According to another embodiment, a computer program product may execute a method of transmitting a binaural audio signal, wherein the method may have the steps of: receiving audio data having an M-channel audio signal being a downmix of an N-channel audio signal and spatial parameter data for upmixing the M-channel audio signal to the N-channel audio signal; converting spatial parameters of the spatial parameter data into first binaural parameters in response to at least one binaural perceptual transfer function; converting the M-channel audio signal into a first stereo signal in response to the first binaural parameters; generating the binaural audio signal by filtering the first stereo signal in a stereo filter; determining filter coefficients for the stereo filter in response to the binaural perceptual transfer function; and transmitting the binaural audio signal.
According to another embodiment, a computer program product may execute a method of transmitting and receiving a binaural audio signal, wherein the method may have: a transmitter performing the steps of: receiving audio data having an M-channel audio signal being a downmix of an N-channel audio signal and spatial parameter data for upmixing the M-channel audio signal to the N-channel audio signal, converting spatial parameters of the spatial parameter data into first binaural parameters in response to at least one binaural perceptual transfer function, converting the M-channel audio signal into a first stereo signal in response to the first binaural parameters, generating the binaural audio signal by filtering the first stereo signal in a stereo filter, determining filter coefficients for the stereo filter in response to the binaural perceptual transfer function, and transmitting the binaural audio signal; and a receiver performing the step of receiving the binaural audio signal.
Accordingly, the Invention seeks to mitigate, alleviate or eliminate one or more of the above mentioned disadvantages singly or in any combination.

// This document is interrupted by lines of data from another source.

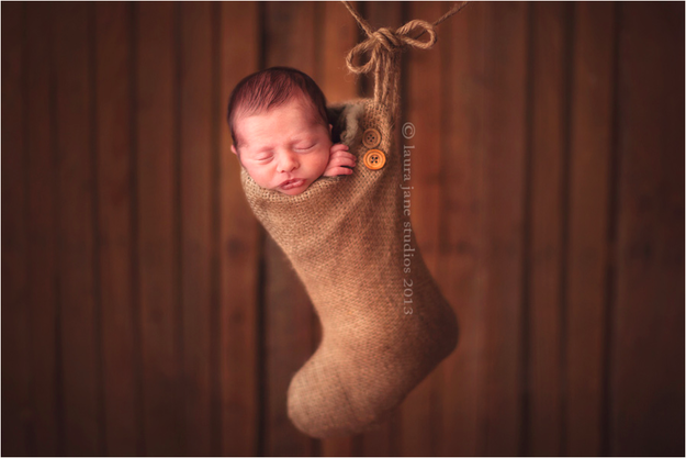 クリスマスソックスに詰まった赤ちゃん1
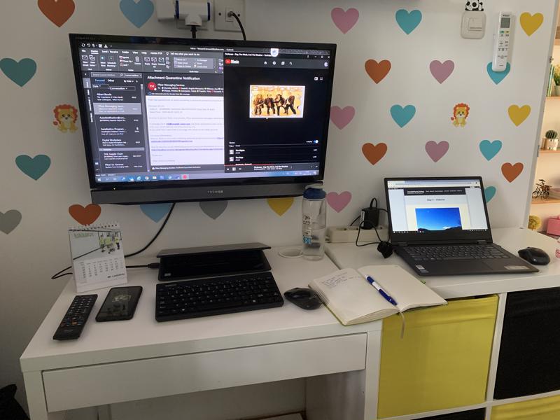 Saya bilang kelakuan mulai random, karena di period ini saya mulai “menginvasi” kamar anak saya 🤪 yang lebih nyaman buat workstation selama WFH, bukan cuma itu, saya mulai lebih sering belanja online alat-alat yang mendukung ergonomic position, beli meja kecil buat support laptop, beli wireless keyboard, pindah posisi kerja…
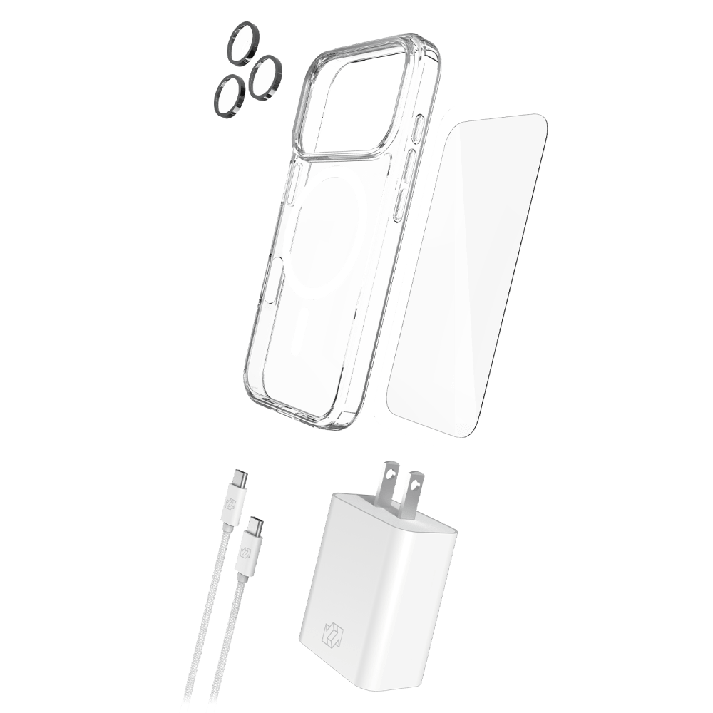 Everything you need for your iPhone 17 Pro Max / 16 Pro Max in one kit. Includes a MagSafe compatible case, glass screen protector, camera lens protector, 30W power block, and 6ft charging cable.

According to a first aspect of the invention there is provided an apparatus for generating a binaural audio signal, the apparatus comprising: means for receiving audio data comprising an M-channel audio signal being a downmix of an N-channel audio signal and spatial parameter data for upmixing the M-channel audio signal to the N-channel audio signal; parameter data means for converting spatial parameters of the spatial parameter data into first binaural parameters in response to at least one binaural perceptual transfer function; conversion means for converting the M-channel audio signal into a first stereo signal in response to the first binaural parameters; a stereo filter for generating the binaural audio signal by filtering the first stereo signal; and coefficient means for determining filter coefficients for the stereo filter in response to the binaural perceptual transfer function.
The invention may allow an improved binaural audio signal to be generated. In particular, embodiments of the invention may use a combination of frequency and time processing to generate binaural signals reflecting echoic audio environments and/or HRTF or BRIRs with long impulse responses. A low complexity implementation may be achieved. The processing may be implemented with low computational and/or memory resource demands.
The M-channel audio downmix signal may specifically be a mono or stereo signal comprising a downmix of a higher number of spatial channels such as a downmix of a 5.1 or 7.1 surround signal. The spatial parameter data may specifically comprise inter-channel differences and/or cross-correlation differences for the N-channel audio signal. The binaural perceptual transfer function(s) may be HRTF or a BRIR transfer function(s).
According to an optional feature of the invention, the apparatus further comprises transform means for transforming the M-channel audio signal from a time domain to a subband domain and wherein the conversion means and the stereo filter is arranged to individually process each subband of the subband domain.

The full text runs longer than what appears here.